Your Health, We Care
Release date: 2026-04-20 15:31:28 Recommended: 9
Selpercatinib is indicated for the treatment of patients with RET-positive locally advanced or metastatic non-small cell lung cancer. In a large clinical trial of patients with RET-positive advanced non-small cell lung cancer, among 69 patients who had not received any prior cancer treatment, 84% achieved an objective response (tumor shrinkage of at least 30%), with a median duration of response of 20.2 months. Among 247 patients who had previously received platinum-based chemotherapy or other treatments, the objective response rate was 61%, and the median duration of response was 28.6 months. Additionally, selpercatinib demonstrated robust intracranial activity in patients with brain metastases: 4 out of 5 treatment-naïve patients experienced significant shrinkage or disappearance of brain tumors, and 14 out of 16 previously treated patients achieved similar results.

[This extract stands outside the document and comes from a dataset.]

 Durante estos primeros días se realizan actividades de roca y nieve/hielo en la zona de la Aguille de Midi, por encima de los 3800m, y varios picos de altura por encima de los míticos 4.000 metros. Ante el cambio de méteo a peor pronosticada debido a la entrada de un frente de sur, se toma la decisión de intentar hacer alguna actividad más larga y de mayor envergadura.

Selpercatinib is also approved for RET-positive advanced thyroid cancer, including medullary and papillary thyroid cancer. Among patients with medullary thyroid cancer, 55 patients who had previously received cabozantinib and/or vandetanib achieved an objective response rate of 76%, with a median duration of response of 45.3 months; while 88 patients who had not received these standard treatments achieved an objective response rate of 81%, with the median duration of response not yet reached. For other types of RET-positive thyroid cancer, 41 patients who had previously received radioactive iodine and systemic therapy achieved an objective response rate of 85%, with a median duration of response of 26.7 months; among 24 patients who had not received prior systemic therapy, the objective response rate was 96%.

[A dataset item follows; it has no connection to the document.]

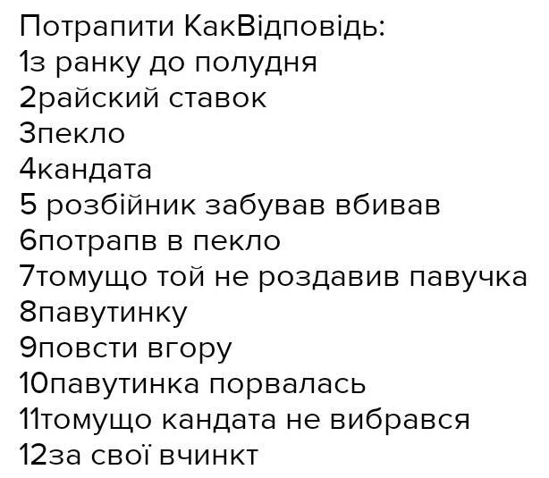 12. Павутинка обірвалася не від ваги багатьох грішників, а...?

Beyond lung and thyroid cancers, selpercatinib is also approved for certain other RET-positive advanced solid tumors, such as pancreatic cancer, colon cancer, and breast cancer. In a clinical trial that included 41 such patients, 44% achieved an objective response (tumor shrinkage of at least 30%), with a median duration of response of 24.5 months. This indication was granted accelerated approval based on response rate and duration of response; continued approval may depend on verification and description of clinical benefit in confirmatory trials.